Automatic reference counting inserts all of the refcount bumps. In Rust, you have to write the up count yourself, but not the downcount.
But, reference counting isn't used very often, at least in my experience. It's very useful when you have non-scoped threads, though.
As far as I can tell, the impl of Arc and ARC are actually basically identical at the high level, with the only major diff being ARC only keeps 32-bit counts on 64-bit (so they only waste one pointer of space).
Everything else is just where retain/release (clone/drop) calls are made.

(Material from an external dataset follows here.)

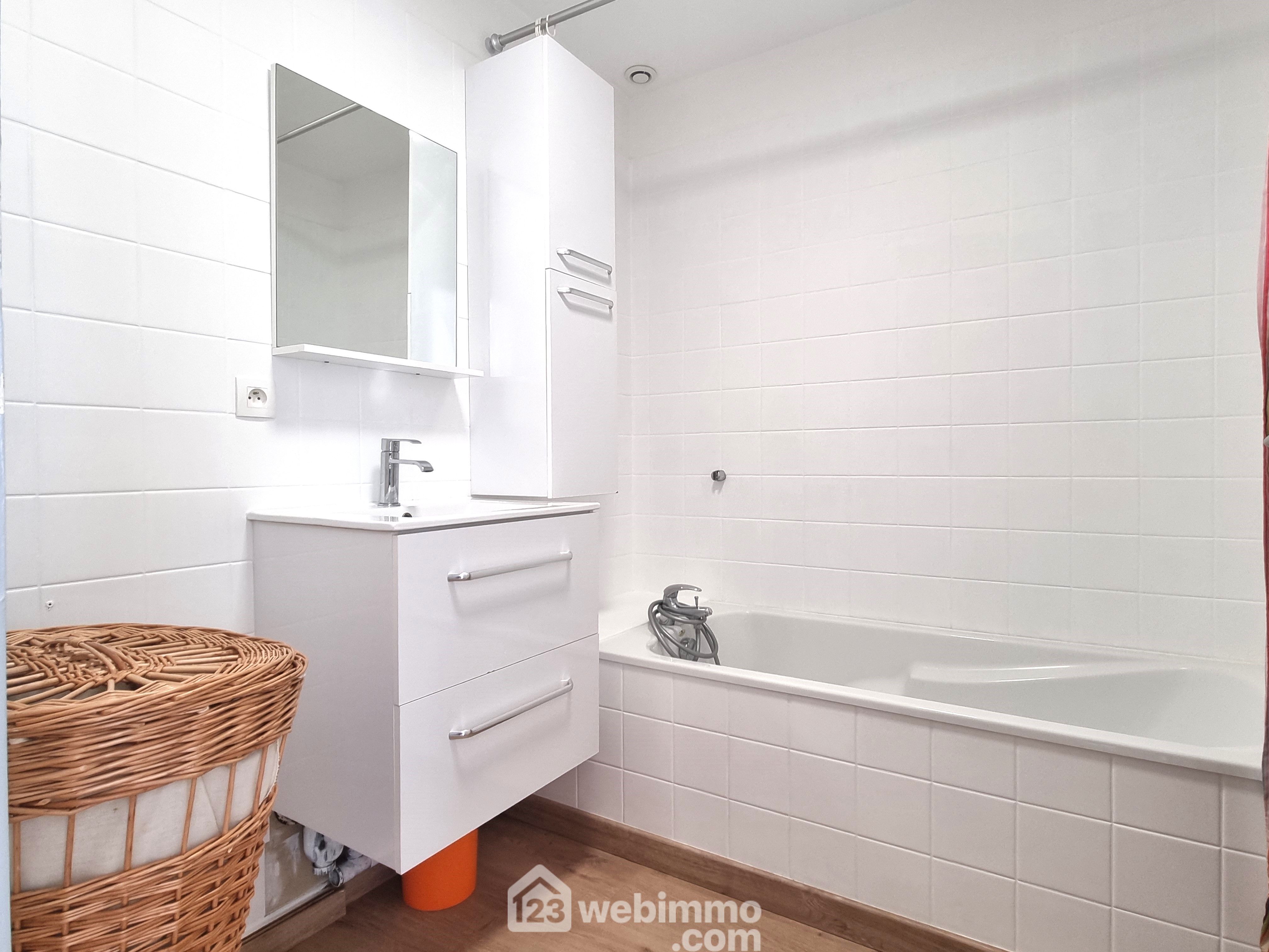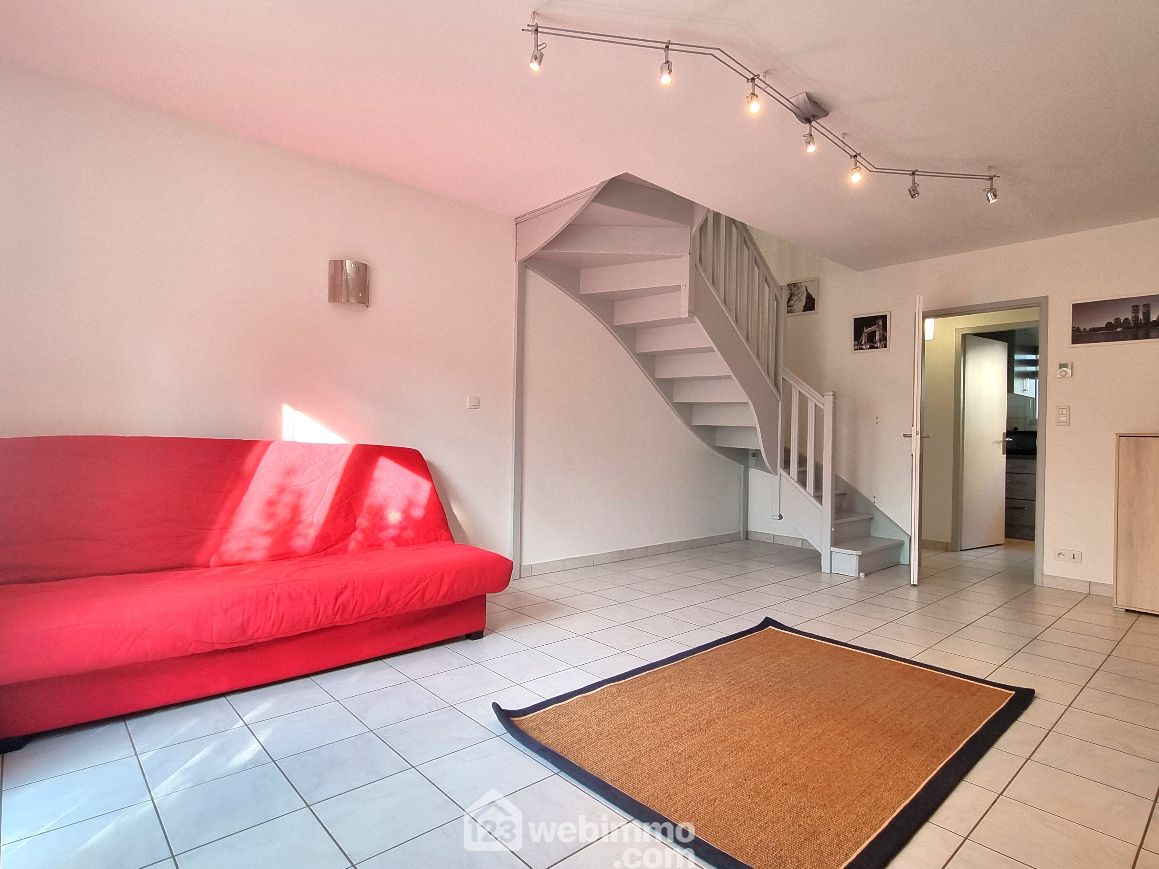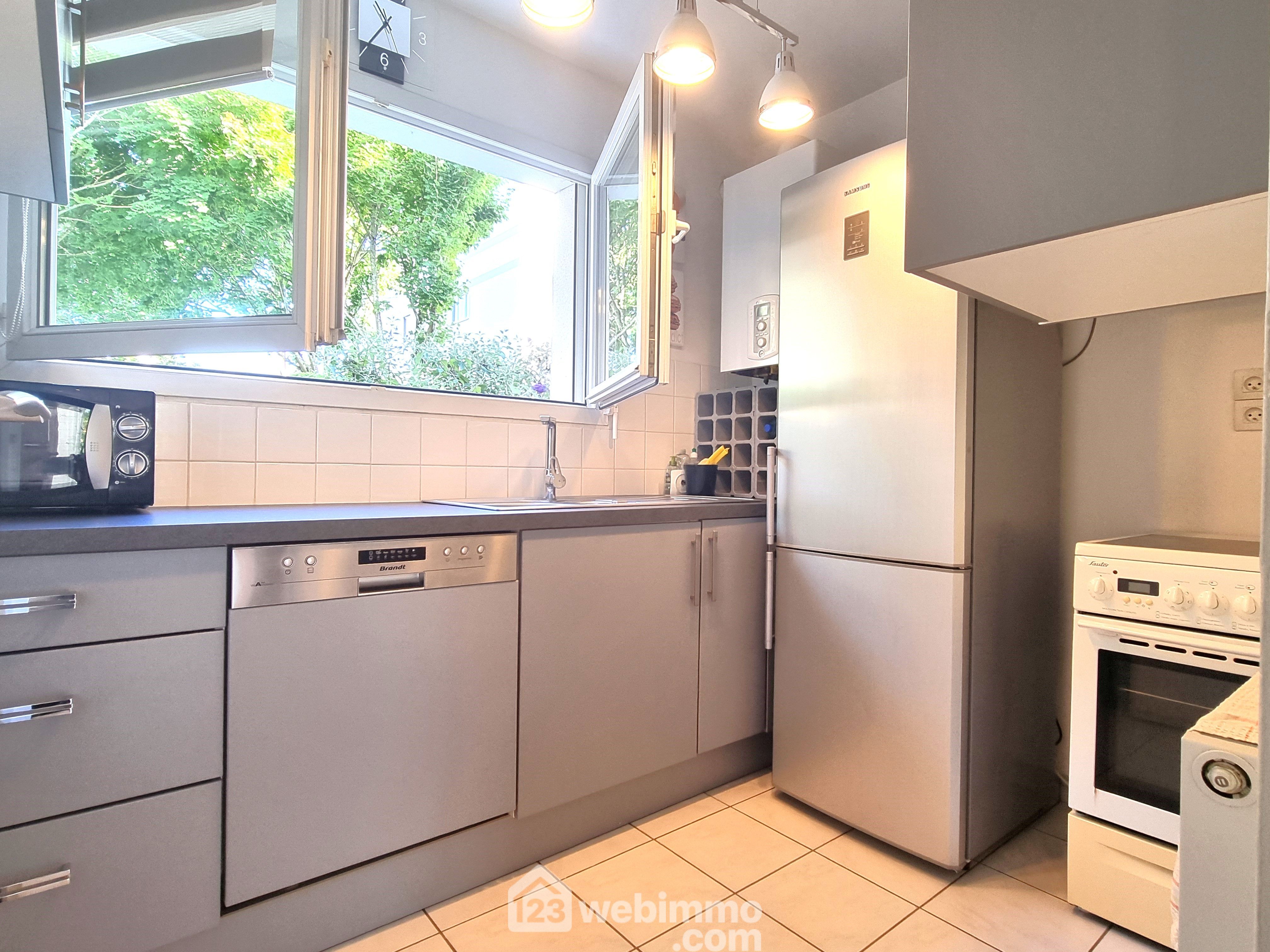 Maison mitoyenne T3 (aucun travaux à prévoir), 61 m2 habitables, 2 chambres. Jardinet avec terrasse, cabanon, places de stationnement.

Rust is insanely good at not frobbing counts because you can safely take internal pointers and move pointers into a function without touching the counts at all. Swift has lots of interesting optimizations to avoid touching the counts, but it's hard to compete with a system that has so much great static information related to liveness of pointers and values.
As a simple example, consider this code (which is conveniently valid Swift and Rust, modulo snake_vsCamel):
let x = make_refcounted_thing();
foo(x);
This code in isolation will always not frob counts for Rust. This code may not frob counts in Swift, depending on what follows `foo`. In particular if foo is in tail position (or at least tail-position-for-the-life-of-x), then we can avoid frobbing, because we know foo's final operations will be to release its function args. foo may in turn punt releasing its function args to anyone it passes them to as a tail call. Note that Swift and Rust both have the usual caveats that "less is a tail call than you think" thanks to side-effecting destructors.
The takeaway is that Rust's default semantics encourage releasing your memory earlier, which in turn means less traffic on the reference counts. Particularly interesting is that in Rust, you can run a function arg's destructor earlier than the end of the function by moving it in to a local variable. In Swift, I do not think this is possible (but I wouldn't be too surprised to be wrong -- Swift has tons of special attributes for these little things).
As an aside, I like that Apple is betting the farm on ARC. I wish I could have been a fly on the wall when they were discussing ARC versus GC.